Também havia uma importância econômica: nesta época, o Piauí tinha uma pecuária pujante, com um dos maiores rebanhos de bovinos do país, e era um dos principais fornecedores de carne seca do Norte e Centro-oeste, sendo suplantado apenas pelo charque do Rio Grande do Sul.
A proclamação da Independência, contudo, movimentou as elites do Piauí, que declararam apoio ao Brasil independente da coroa portuguesa. A notícia chegou primeiro na vila de Parnaíba, onde predominava o grupo político liderado pelo comerciante Simplício Dias, que anunciou apoio a dom Pedro.
A adesão de Parnaíba ao Brasil independente motivou uma marcha liderada por João José da Cunha Fidié, que levou tropas à vila para sufocar o movimento de apoio a dom Pedro.
A marcha para o litoral, contudo, desguarneceu a vila de Oeiras, então capital da província. Foi justamente neste momento que o brigadeiro Manoel de Souza Martins, que representava a elite econômica ligada à pecuária e havia sido alijado pelas Cortes de Lisboa, também declarou apoio à Independência.
Quando as tropas lideradas por Cunha Fidié chegaram à Parnaíba, os apoiadores da Independência haviam fugido para o Ceará, onde organizaram uma milícia para enfrentar os portugueses.
Os desencontros tiveram fim no dia 13 de março de 1823, quando brasileiros e portugueses se encontraram na vila de Campo Maior, hoje uma cidade de 47 mil habitantes a 80 km de Teresina.
As margens do rio Jenipapo foram palco de uma batalha desigual. Foram cerca de 1.600 soldados das tropas portuguesas, armadas com 11 canhões e lideradas por oficiais experientes.
Do outro lado, estava uma milícia precária, formada às pressas, com cerca de 2.000 homens do Piauí e Ceará. Em sua maioria, eram vaqueiros e trabalhadores rurais, arregimentados por líderes políticos locais, além de indígenas e negros libertos.

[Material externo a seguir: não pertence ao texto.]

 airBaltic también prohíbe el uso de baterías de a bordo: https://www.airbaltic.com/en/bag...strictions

A Batalha do Jenipapo durou cinco horas: começou por volta de 9h e seguiu até as 14h, deixando um saldo de 36 mortos do lado português e entre 200 e 400 mortos nas tropas brasileiras.

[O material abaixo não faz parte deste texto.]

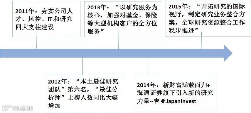 2013年,公司对研究服务提出了更高的要求,要“以研究服务为核心,加强对基金、保险等大型机构客户的全方位服务”,研究所更是在首席李迅雷的领导下实现弯道超车,在新财富中取得了本土最佳研究团队第一名的好成绩。14年年报称海通旗下的海通国际证券收购日本上市公司吉亚JapanInvest,进一步增强对机构投资者的研究服务能力,并详细列举了当年新财富多组夺得行业魁首的赫赫战绩。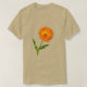 Blume, orangefarbene Kalendula blühen auf pastellfarbener Krawatte. Wassertropfen sind auf den Blütenblättern zu sehen. Grüner Stamm und Blätter.
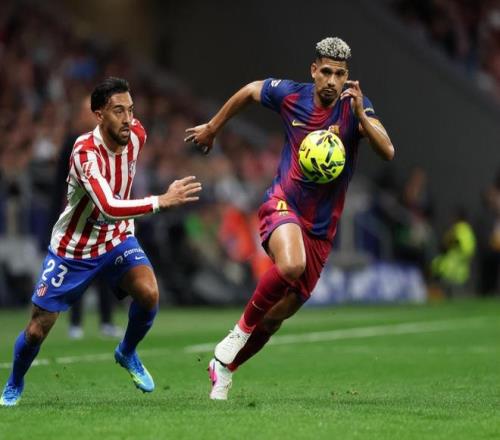 下半場易邊再戰(zhàn)才46秒時間,赫拉德-馬丁防守時候一腳踩在了阿爾馬達(dá)的腳踝上,主裁判沒有猶豫直接出示紅牌,但在VAR介入之后,主裁判又取消了紅牌,改判為黃牌;不滿判罰的穆索吃到黃牌,馬競助教抗議也被紅牌罰下。第59分鐘,亞馬爾強(qiáng)行突破扛開朗格萊防守內(nèi)切兜射偏出了球門;第65分鐘,孔德右路直傳,埃里克-加西亞順勢傳中,費(fèi)蘭-托雷斯后點(diǎn)捅射,穆索飛身精彩撲救。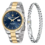 مازراتی مردانه لیمیتد مدل R8853100033 به همراه دستبنذ استیل ضد حساسیت و طراحی کلاسیک.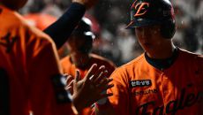[사진]노시환, 1위 탈환 세리머니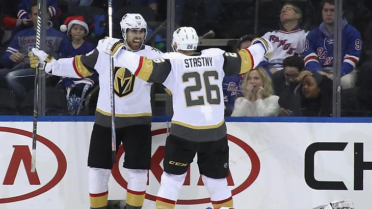 "Нью-Йорк Рейнджерс"-"Вегас Голден Найтс" 3:4 (ОТ).Алекс Тач в овертайме принёс победу гостям.Пол Штясны и Алекс Тач набрали по 2 очка (1+1),Колин Миллер отдал 2 результативные передачи,Марк-Андре Флери отразил 27 бросков.У хозяев Кевин Хэйз отдал 3 результативные передачи,Павел Бучневич отдал результативную передачу."Рейнджеры" проиграли 3 игру подряд.

“A batalha foi trágica, foi uma derrota para os independentistas. Mas foi uma também ‘vitória de Pirro’ para os portugueses, que tiveram perdas em sua logística”, avalia o historiador Johny Santana de Araújo, professor da Universidade Federal do Piauí.
Ele afirma que a batalha minou a logística da tropa portuguesa, que optou por não perseguir e sufocar os soldados independentistas. A ideia era reagrupar forças e voltar a Oeiras para derrubar os aliados de dom Pedro na capital.

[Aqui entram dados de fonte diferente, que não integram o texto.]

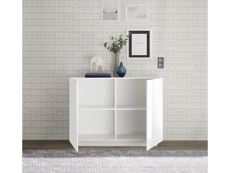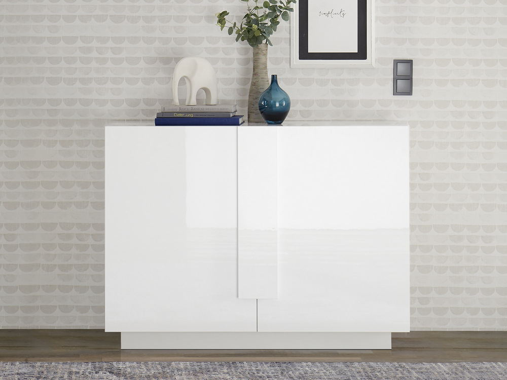 Structure et façades en agglomere de bois, épaisseur 16mm, finition blanc laqué brilliant.Poignées en agglomere de bois, épaisseur 22mm, finition blanc laqué brilliant.

O Exército ficou acampado na fazenda Tombador, seguiu para a vila do Estanhado e depois seguiu para Caxias, no Maranhão, onde houve um princípio de rebelião entre soldados portugueses.
Ao mesmo tempo, os independentistas da capital organizavam suas tropas e recebiam reforços do Ceará, Pernambuco e Bahia, chegando a perto de 22 mil soldados arregimentados.
O reforço também veio pelo mar. Depois de expulsar os portugueses da Bahia, escorraçando o Exército liderado por Madeira de Melo, a esquadra do almirante escocês Thomas Cochrane desembarcou em São Luís e fez com que a junta governativa, sob a mira de canhões, jurasse lealdade a dom Pedro.
Para Araújo, a Batalha do Jenipapo foi fundamental para garantir a unidade nacional e também foi importante para forjar no estado um sentimento de piauiensidade. Ainda assim, permaneceu como um episódio obscuro na historiografia brasileira, sendo pouco conhecido fora do Piauí.
“A Batalha do Jenipapo é um evento muito importante na história do Brasil, mas é esquecido, como todo o contexto do processo de Independência ocorrido no Norte. Isso muito por conta da forma como a historiografia oficial tentou amansar a ideia de que houve conflito”, avalia Araújo.
Nesta segunda-feira (13), os 200 anos da Batalha do Jenipapo serão celebrados em Campo Maior, no Piauí. A cidade abriga um monumento, um museu e um cemitério nas margens do rio.
Neste campo santo despido de adornos e mausoléus, estão enterrados os restos mortais dos brasileiros anônimos que morreram em batalha, cercados por pedras e cruzes de madeira. O cemitério do Batalhão é considerado patrimônio nacional e foi tombado em 1990.